The WSJ notes that the zig-zagging stock market can in large part be blamed on "quants" - quantitative hedge funds, which rely on computer models to determine which stocks to bet on.
No. Quants generate noise only rather than randomness which can run.
This week's stock-market spasms left some traders questioning the validity of their models, after their computer-generated strategies led to a wave of losses.
Their models can only realize a positive expectation if they're based on perfect hedge.
"Events that models only predicted would happen once in 10,000 years happened every day for three days," says one rueful analyst.
False, nonsensical, self-serving, idiocy from someone who doesn't know what a computer model does.
Post columnist Steven Pearlstein translates the implications of the crisis for the regular consumer: pension and property values will fall, while debts will get more expensive. "Order of magnitude: something approximating the recent tech and telecom bust, only a bit worse," he writes.
Ridiculous and perfectly unchallengeable since nothing in the statement can be pinned down. It's like saying, "it's there, right between up and down".
The NYT fronts a look at the dilemma facing Fed chief Ben Bernanke as he ponders bailing out the traders
No. Gross and false generalization fed out to push buttons. A form of yellow dog journalism.
whose taste for high-risk mortgages triggered the current crisis.

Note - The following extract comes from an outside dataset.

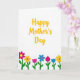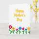 This card features the words “Happy Mother’s Day” in golden-yellow lettering that stretches across the upper two-thirds of a bright white background, with the message centered and easy to read. The letters curl in smooth, flowing strokes that feel like a warm embrace, as if spoken with a gentle smile ❤️. Below the text, a row of stylized flowers forms a decorative border along the bottom edge, like a small garden arranged for someone special. The blooms mix fuchsia pink, sunny yellow, and soft blue, and their varied shapes suggest everything from rounded five-petal blossoms to tulip-like buds, creating a friendly, caring mood. Simple green stems and small leaves line up beneath them, giving the scene a tidy, grounded look that still feels affectionate and close. The wide white space around the message keeps the focus on the greeting and the flowers, like a quiet moment set aside just for her 🌼. Along the bottom margin, the flowers sit in a neat horizontal band with bright green stems and alternating pink, yellow, and blue petals.

Traders trading in mortgages?
The WSJ calls for Bernanke to stay calm and allow the market to run its course: "The biggest favor he could do for himself and the markets is not to give in to the temptation to do favors for Wall Street or anyone else." Meanwhile, the government refused to loosen constraints on Fannie Mae and Freddie Mac; the companies had argued that they should be allowed to buy more mortgage-related investments to help struggling lenders and borrowers. The Post notes that the tiff allowed the companies - often criticized by regulators - to "cast themselves as willing to ride to the rescue while their nemeses in the government stood in the way".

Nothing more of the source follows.